A Motley Mix Of Mysteries

I’m not fond of crime thrillers—not unless, they’re about the adventures of the most famous sleuth in all of literature.

One book that I know to improve my evenings considerably is “The Greatest Adventures of Sherlock Holmes,” a plump, winsome book that I recently acquired at Barnes & Noble.

It is, to me, the literary equivalent of a mug of hot chocolate, sprinkled with marshmallows, a delight that I entrust to cozy up a lonely, lugubrious night, or lift me out of the funk when nothing else will.

Surely, there’s nothing vaguely “clever” about this title. Or, in keeping with the lexical blight of the day, is “creative” perhaps a better word for it? At any rate, it’s neither. What you see is what you get.
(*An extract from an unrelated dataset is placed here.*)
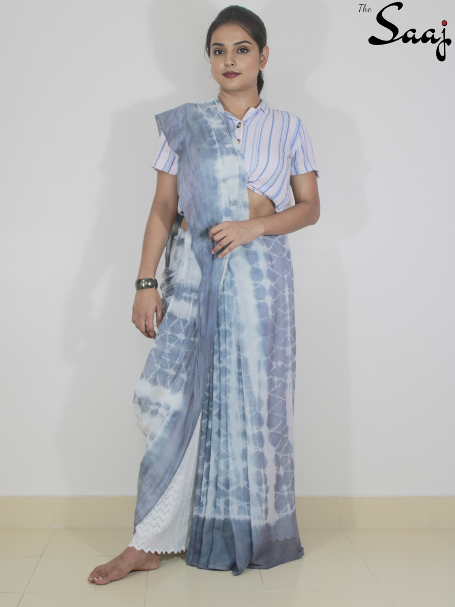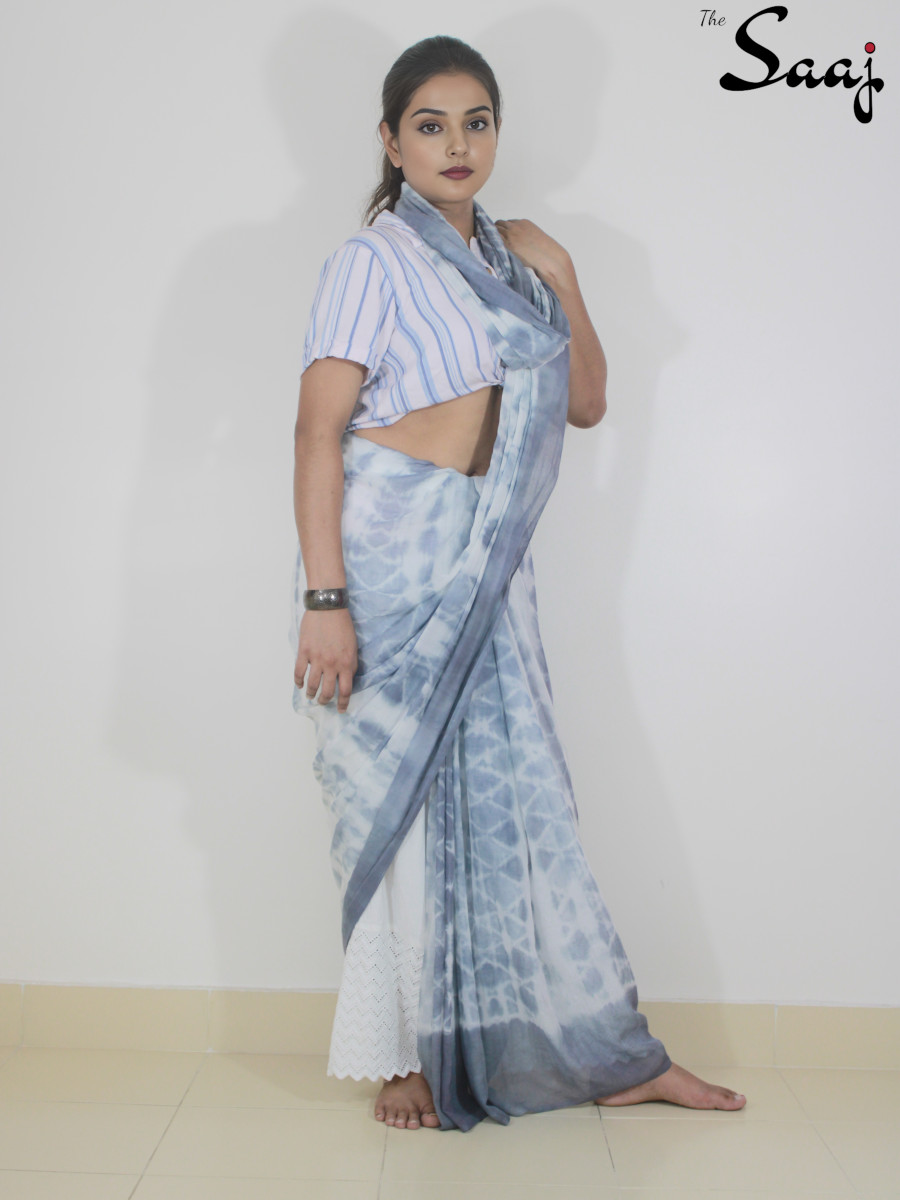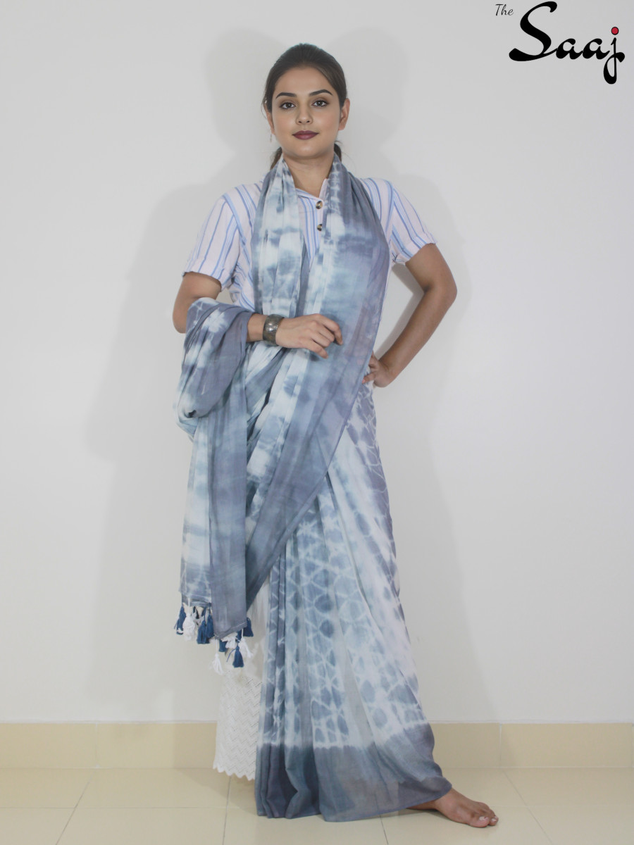 Shades of Grey – Grey and white Shibori Mul Cotton Saree
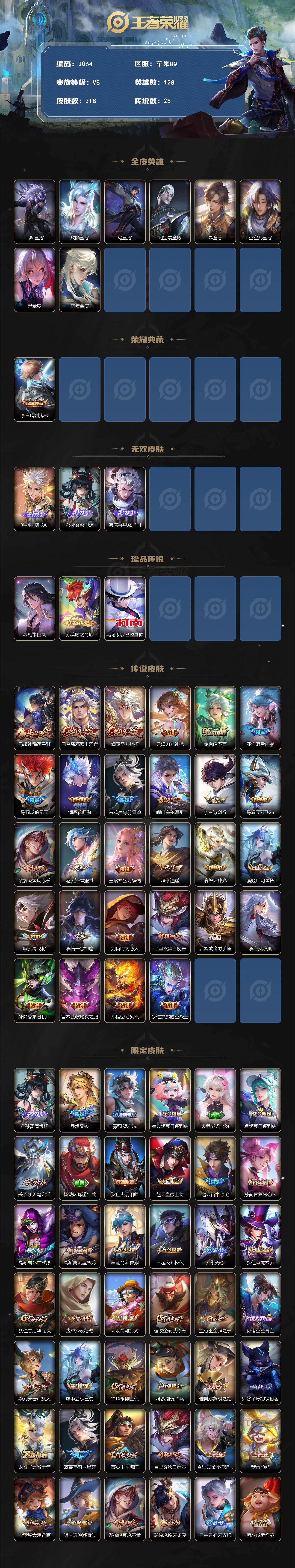 苹果Q-V8-最强王者段位-128英雄-318皮肤-1典藏皮肤-3无双-3珍品

How many titles can we say that about, today?

A book with a title as plain as that is likely to be put down on grounds that it’s not sufficiently enigmatic to pique the curiosity of a reader.

Critics may also bash it for being too long. When it comes to Sherlockian mysteries, however, for some reason, the obviousness works beautifully.

The nearly 1,000-page volume, published by Fall River Press, collects four complete novels (“A Study in Scarlet,” “The Sign of Four,” “The Hound of the Baskervilles,” and “The Valley of Fear”) and 44 short stories, all of which are gems. The fat volume, in itself, will adorn a lightweight bookshelf.

“The Adventures of Sherlock Holmes,” a casebook, of sorts, has a motley mix of a dozen mysteries, all of which fire up the synapses. Each is not like the next.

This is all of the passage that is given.